Но случилось самое худшее.
— Что с тобой сделалось? — говорит учительница. — Ты совсем распустился. Не слушаешь на уроках, пишешь небрежно. И вот результат. Мы вчера делали подобную задачу. Если бы ты был внимательнее…
Все погибло!
Учительница больше меня не любит. И сердится за то, что ошиблась во мне. Видно, лучше быть сереньким, незаметным, средним учеником. Это безопаснее, проще, легче. Потому что меньше к тебе предъявляют требований, не надо так напрягаться.
Я опустил голову и поглядываю исподтишка на учительницу, потому что не знаю, жалеет она меня или совсем уже больше не любит.
Учитель никогда не скажет, любит он ученика или не любит, но это чувствуется: у него становится совсем другой голос и другой взгляд.
И ты очень страдаешь, и ничего не можешь поделать. А иногда ты готов взбунтоваться.
Ну, чем я виноват?
Тем, что Бараньский придумал себе глупую забаву и брызнул мне в глаза апельсинной коркой? Так защипало, что сил нет. Но я ничего не сказал, только глаза тру.
А учительница спрашивает:
— Что ты еще там придумал? Вместо того чтобы слушать…
Ведь не станешь же на это отвечать! Разве так не бывает?
Тебя кто-нибудь ущипнет, а ты вскрикнешь и подскочишь. И ты уже виноват.
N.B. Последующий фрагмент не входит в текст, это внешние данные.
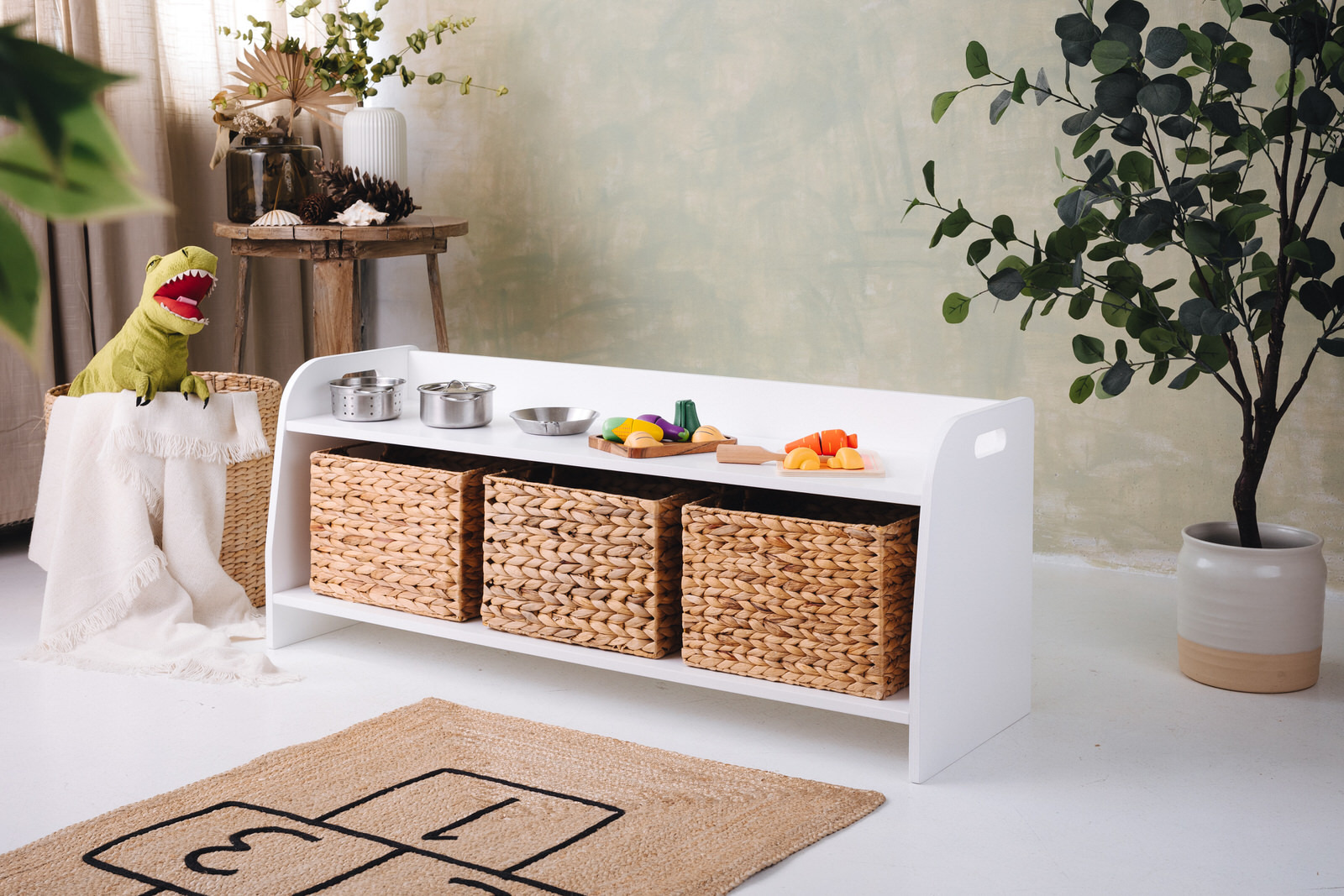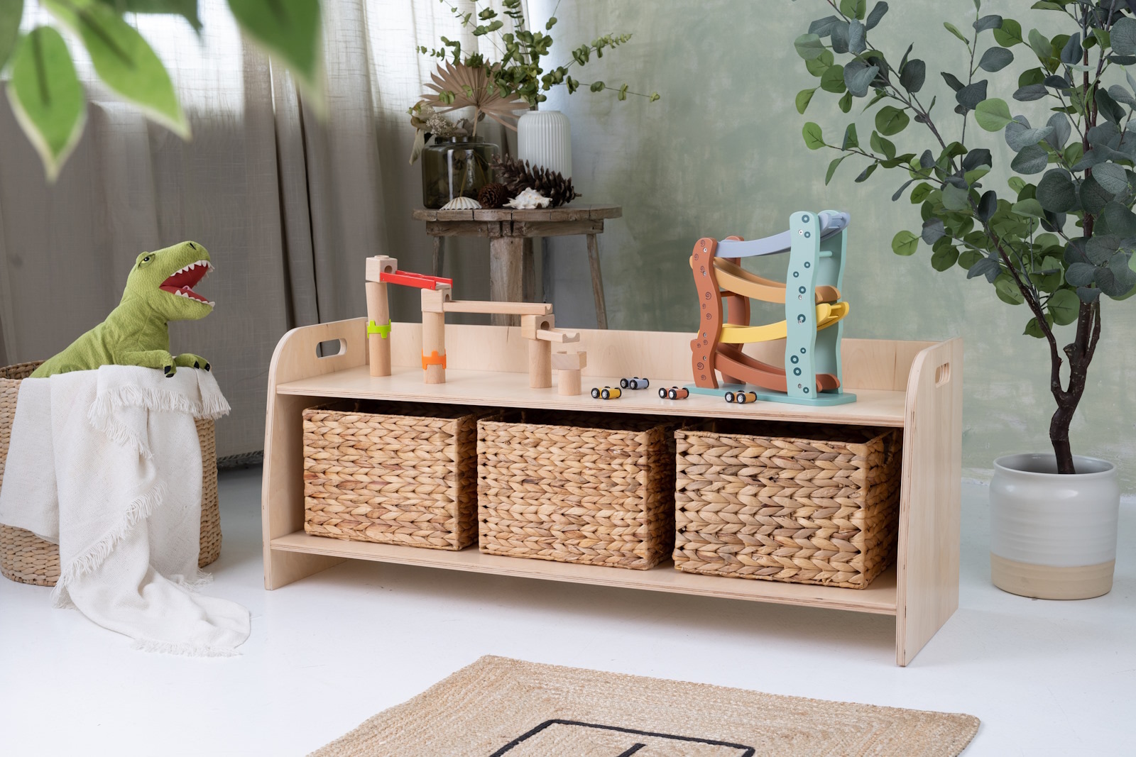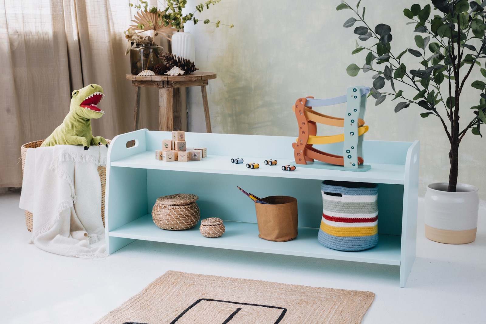 La estantería de juguetes tiene dos estantes a los que el niño tiene acceso ilimitado. El mueble se apoya directamente en el suelo y mide solo 44 cm de altura.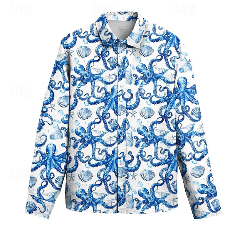 Why Choose Men's Tropical Octopus Turtle Summer Hawaiian Shirt Aloha Shirt Printed Shirts Long Sleeve Shirt Turndown Hawaiian Resort Vacation Going out Beach Blue Dark Blue S M L?

Учителя не знают, как мы боимся таких, про которых говорят: „В тихом омуте черти водятся“.
Такой делает что хочет, и ему ничего не будет. Просто несчастье сидеть с таким за одной партой. Не лучше и если он сидит сзади. Нет тебе тогда ни минуты покоя.
А в другой раз была тут капелька и моей вины.
Сижу я на уроке и вижу, что у Шчавиньского сзади на куртке пять белых пальцев. Кто-то на перемене вымазал пальцы мелом и приложил. Тот и не знает, что у него на спине рука отпечатана. Ну, я и попробовал примерить, правая это рука или левая. Я хотел издали, но нечаянно дотронулся. А он обернулся. Учитель ему замечание делает, что он вертится.
А Висьневский кричит:
— Ого, глядите, какая у него на спине пятерня!
Учитель начал меня ругать.
Я показываю руку, что, мол, чистая. А учитель говорит:
— Ну-ка постойте оба за партой!
Мы стояли недолго. И не в том дело. Досадно, что все наши дела решаются наспех, кое-как, что для взрослых наша жизнь, заботы в неудачи только дополнение к их настоящим заботам.
Словно существуют две разных жизни: их — серьезная и достойная уважения, и наша — пустячная.